GOAL OF THE EXERCISE:
Exactly as they stand, copy the lines from the one containing "Erillisilmoitus mitätöidään Maestrosta" to the final line of the data; leave out the pictures.

DATA PROVIDED:
....
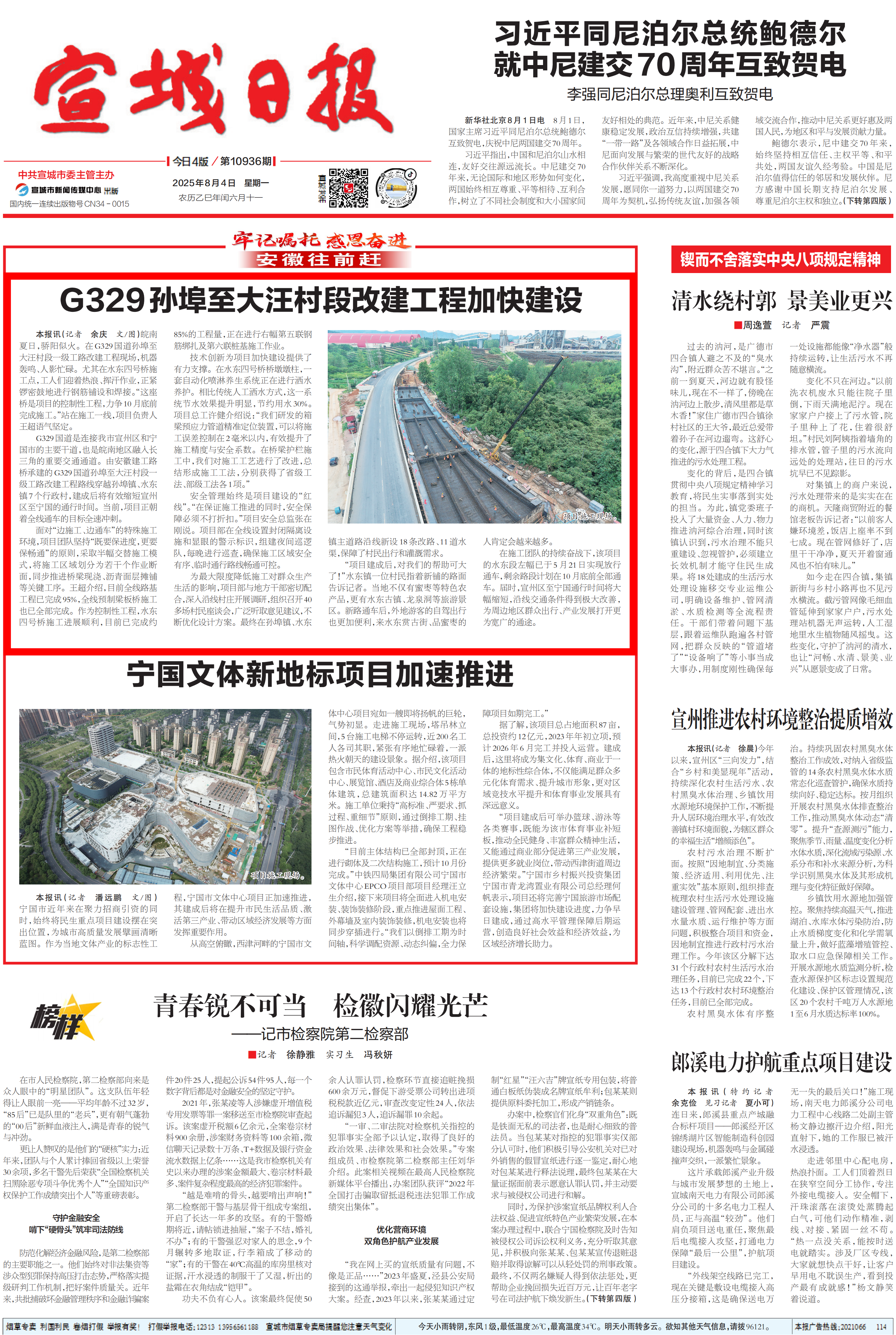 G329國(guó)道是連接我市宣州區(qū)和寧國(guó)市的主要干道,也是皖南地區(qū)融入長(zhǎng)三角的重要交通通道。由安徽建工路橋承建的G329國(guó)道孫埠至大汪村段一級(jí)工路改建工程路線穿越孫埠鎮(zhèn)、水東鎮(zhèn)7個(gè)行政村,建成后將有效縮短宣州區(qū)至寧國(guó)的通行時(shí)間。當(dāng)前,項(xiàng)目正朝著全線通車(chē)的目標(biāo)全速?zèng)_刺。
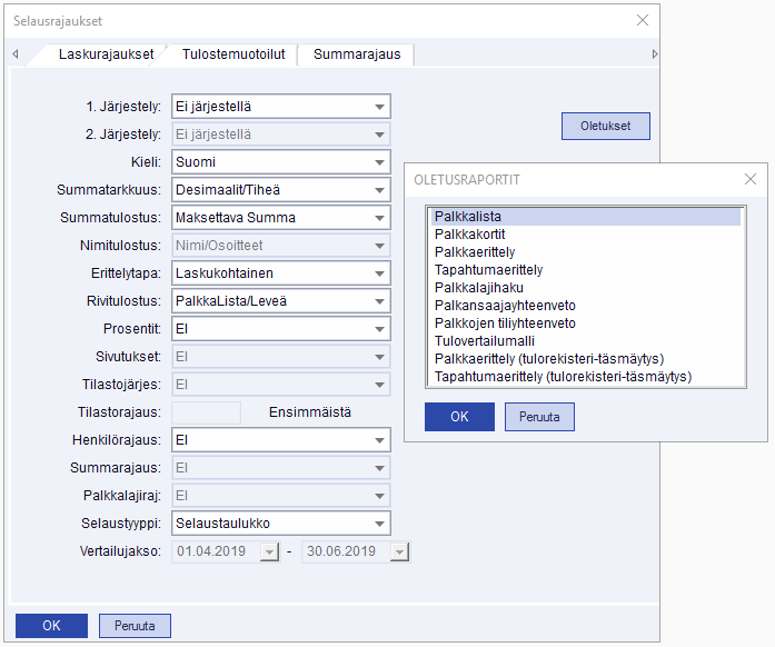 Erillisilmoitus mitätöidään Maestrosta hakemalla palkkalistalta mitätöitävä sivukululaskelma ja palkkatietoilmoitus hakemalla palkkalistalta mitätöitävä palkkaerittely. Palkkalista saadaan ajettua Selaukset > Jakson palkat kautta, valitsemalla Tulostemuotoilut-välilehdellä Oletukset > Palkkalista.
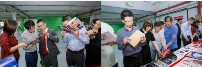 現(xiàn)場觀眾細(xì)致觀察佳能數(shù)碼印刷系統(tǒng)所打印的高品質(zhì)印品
....
OUTPUT FOR THIS TASK:
 Erillisilmoitus mitätöidään Maestrosta hakemalla palkkalistalta mitätöitävä sivukululaskelma ja palkkatietoilmoitus hakemalla palkkalistalta mitätöitävä palkkaerittely. Palkkalista saadaan ajettua Selaukset > Jakson palkat kautta, valitsemalla Tulostemuotoilut-välilehdellä Oletukset > Palkkalista.
 現(xiàn)場觀眾細(xì)致觀察佳能數(shù)碼印刷系統(tǒng)所打印的高品質(zhì)印品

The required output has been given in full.